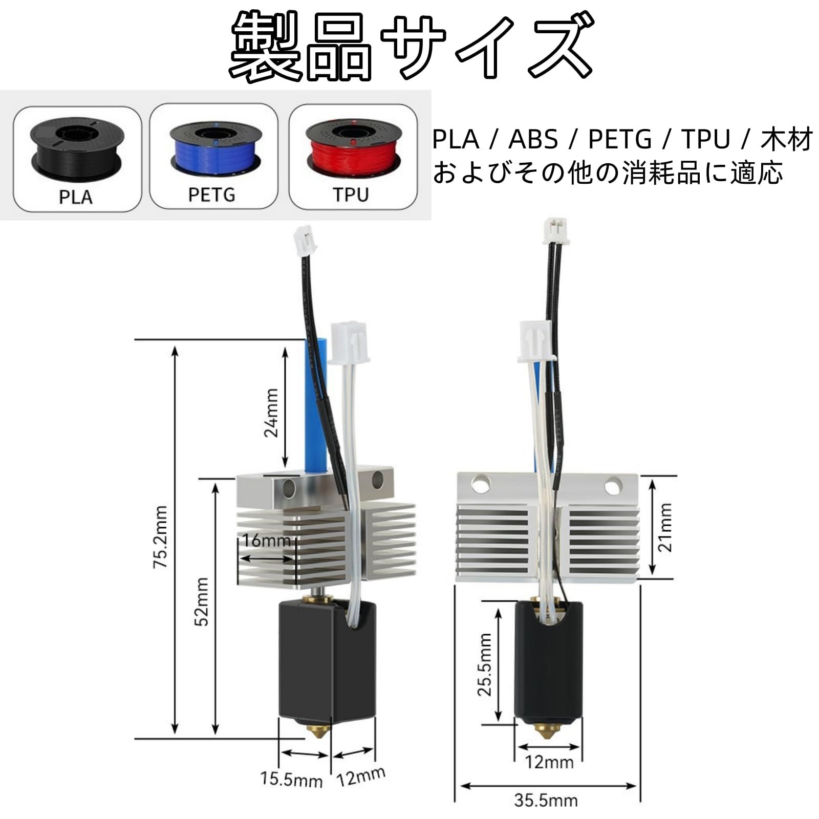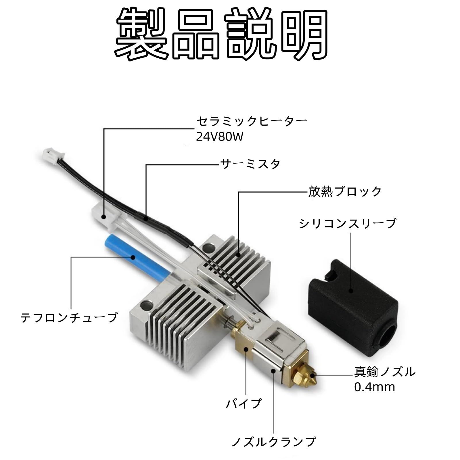 新着商品 3D プリンターホットエンドキット 組み立て 全金属製ホットエンド 0.4mm 3D プリンター真鍮ノズル付き 全金属製ヘッド 加熱ブロック 3D プリンターアクセサー用
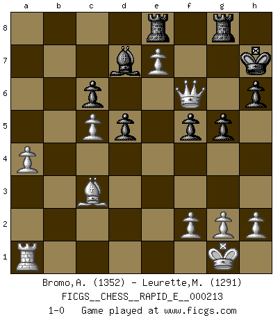 Last move : 1-0 2018 July 21 13:43:19 [Event "FICGS__CHESS__RAPID_E__000213"] [Site "FICGS"] [Date "2018.07.04"] [Round "1"] [White "Bromo,Alexis"] [Black "Leurette,Marc-Antoine"] [Result "1-0"] [WhiteElo "1352"] [BlackElo "1291"] 1.d4 d5 2.c4 e6 3.Nc3 Nf6 4.Nf3 c6 5.c5 b6 6.b4 Be7 7.e3 O-O 8.Bd3 b5 9.O-O a5 10.bxa5 Rxa5 11.Bd2 Ra8 12.Re1 h6 13.e4 dxe4 14.Nxe4 Nbd7 15.Bc2 Nd5 16.Ne5 Nxe5 17.dxe5 f5 18.Nd6 Bxd6 19.exd6 Bd7 20.Bb3 Re8 21.a4 b4 22.Bxd5 exd5 23.Bxb4 g5 24.Qd4 Kh7 25.Bc3 Rg8 26.Re7+ Qxe7 27.dxe7 Rae8 28.Qf6 1-0 QGD Semi-Slav Kingside Castling by player Black (move 7) Kingside Castling by player White (move 9) Player White won this chess game. Follow this game move after move (download)In Chess, just as in life, today's bliss may be tomorrow's poison. (Assaic) Verschiedene, sehr schätzbare und im Laufe des Lebens nützliche Eigenschaften des Geistes können durch das Schachspiel erworben und gekräftigt werden, so dass sie zu Gewohnheiten werden, die uns nie im Stich lassen. (Benjamin Franklin) Un mal plan es mejor que no tener ningún plan. (Frank Marshall) Toutes choses étant égales, c'est la conviction qui gagne. Alliée à une volonté de vaincre, elle sert de détonateur, suscite des idées, disperse les doutes et aide à penser clairement. (Robert Fischer) Looking at the proliferation of personal web pages on the Net, it looks like very soon everyone on Earth will have 15 megabytes of fame. (M.G. Sriram)
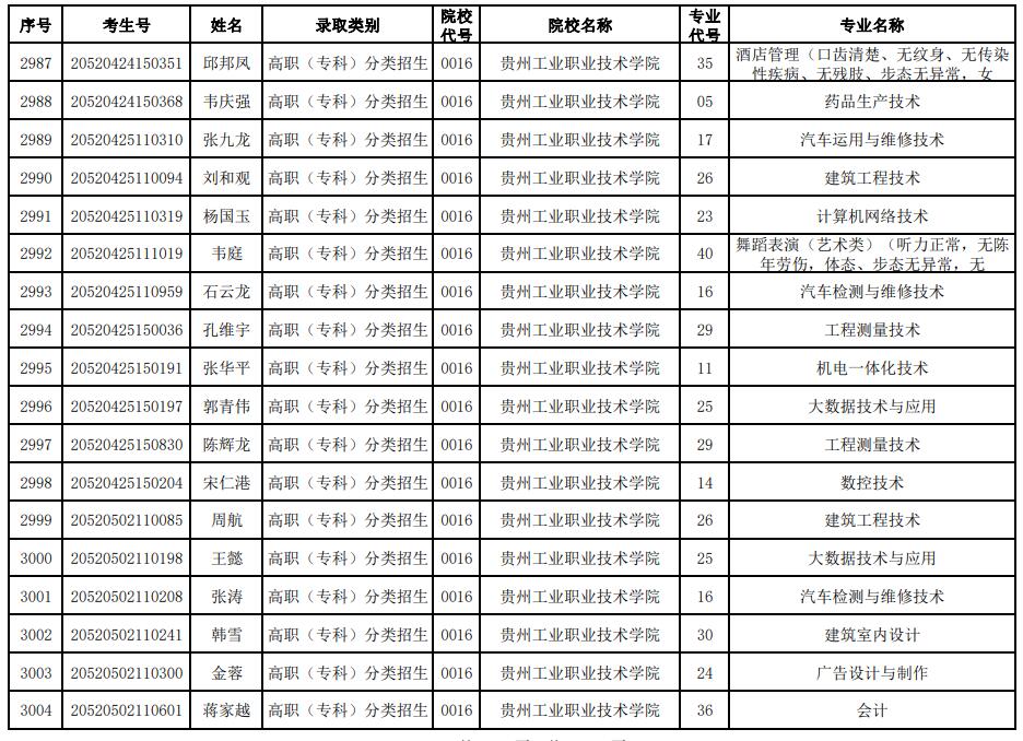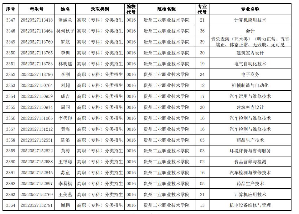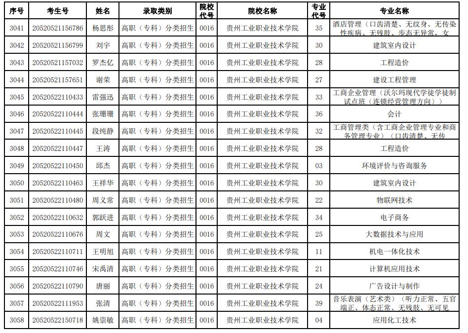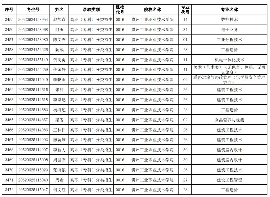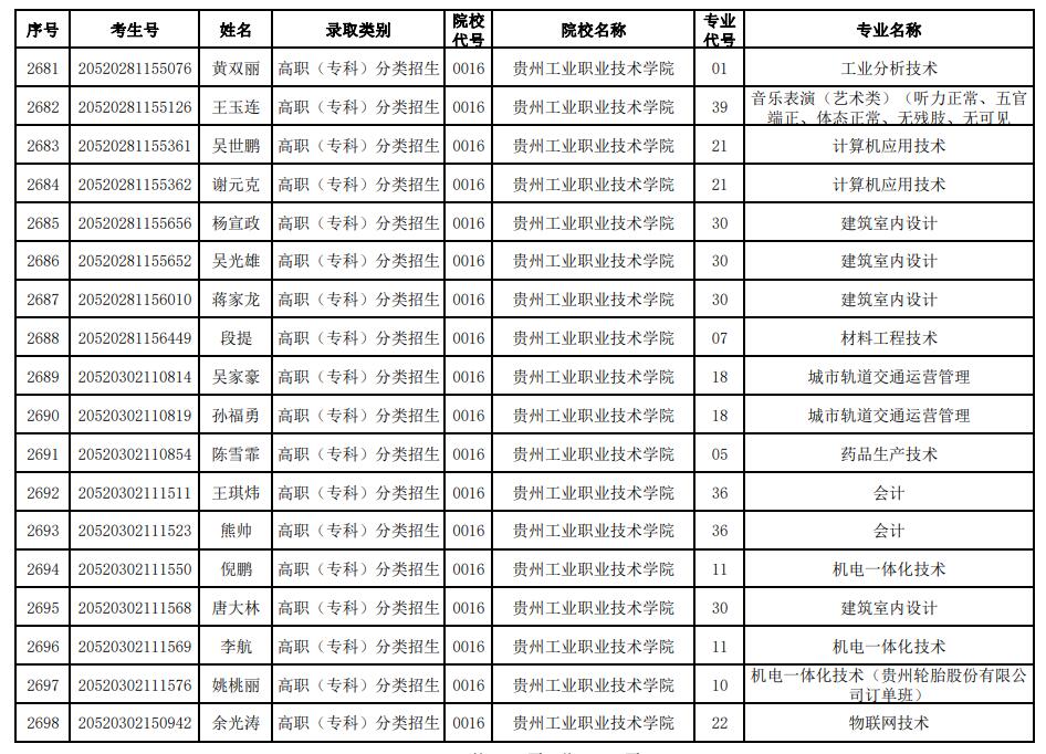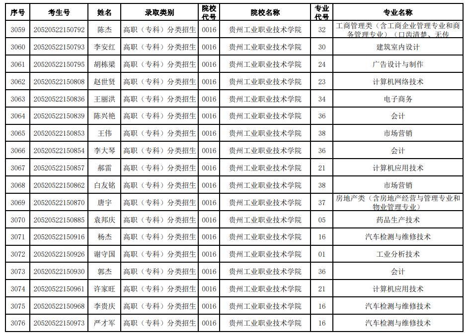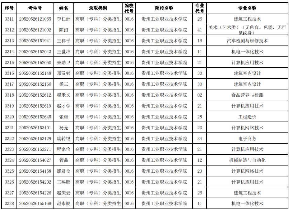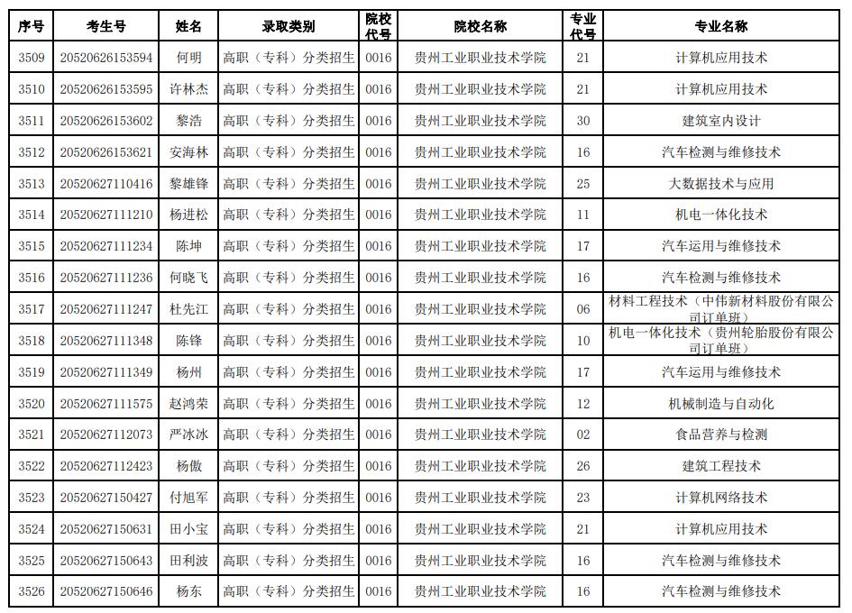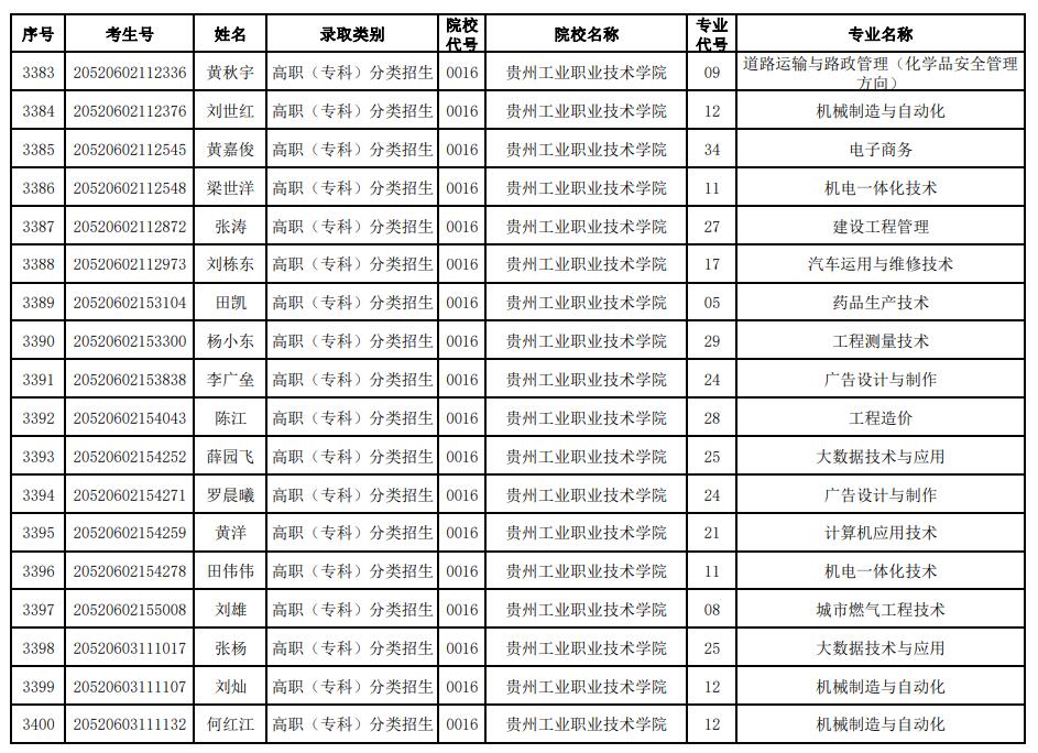 贵州工业职业技术学院2020年高职(专科)分类招生高中生预录取学生公示
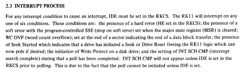 Вполне вероятно. Вероятно также, что документация писалась впрок (как у DEC обычно и было). Так или иначе, но факт остается фактом: overlapped seek (если конечно это вообще о том) сам DEC не использовал для RK05, хотя судя по написанному он возможен (причем в данном случае прерывания имеют место быть).

**TASK INSTRUCTIONS**:
Quote all the lines above exactly as given. Do not include the pictures.

**PROBLEM SOLUTION**:
 新着商品 3D プリンターホットエンドキット 組み立て 全金属製ホットエンド 0.4mm 3D プリンター真鍮ノズル付き 全金属製ヘッド 加熱ブロック 3D プリンターアクセサー用
 Last move : 1-0 2018 July 21 13:43:19 [Event "FICGS__CHESS__RAPID_E__000213"] [Site "FICGS"] [Date "2018.07.04"] [Round "1"] [White "Bromo,Alexis"] [Black "Leurette,Marc-Antoine"] [Result "1-0"] [WhiteElo "1352"] [BlackElo "1291"] 1.d4 d5 2.c4 e6 3.Nc3 Nf6 4.Nf3 c6 5.c5 b6 6.b4 Be7 7.e3 O-O 8.Bd3 b5 9.O-O a5 10.bxa5 Rxa5 11.Bd2 Ra8 12.Re1 h6 13.e4 dxe4 14.Nxe4 Nbd7 15.Bc2 Nd5 16.Ne5 Nxe5 17.dxe5 f5 18.Nd6 Bxd6 19.exd6 Bd7 20.Bb3 Re8 21.a4 b4 22.Bxd5 exd5 23.Bxb4 g5 24.Qd4 Kh7 25.Bc3 Rg8 26.Re7+ Qxe7 27.dxe7 Rae8 28.Qf6 1-0 QGD Semi-Slav Kingside Castling by player Black (move 7) Kingside Castling by player White (move 9) Player White won this chess game. Follow this game move after move (download)In Chess, just as in life, today's bliss may be tomorrow's poison. (Assaic) Verschiedene, sehr schätzbare und im Laufe des Lebens nützliche Eigenschaften des Geistes können durch das Schachspiel erworben und gekräftigt werden, so dass sie zu Gewohnheiten werden, die uns nie im Stich lassen. (Benjamin Franklin) Un mal plan es mejor que no tener ningún plan. (Frank Marshall) Toutes choses étant égales, c'est la conviction qui gagne. Alliée à une volonté de vaincre, elle sert de détonateur, suscite des idées, disperse les doutes et aide à penser clairement. (Robert Fischer) Looking at the proliferation of personal web pages on the Net, it looks like very soon everyone on Earth will have 15 megabytes of fame. (M.G. Sriram)
 贵州工业职业技术学院2020年高职(专科)分类招生高中生预录取学生公示
 Вполне вероятно. Вероятно также, что документация писалась впрок (как у DEC обычно и было). Так или иначе, но факт остается фактом: overlapped seek (если конечно это вообще о том) сам DEC не использовал для RK05, хотя судя по написанному он возможен (причем в данном случае прерывания имеют место быть).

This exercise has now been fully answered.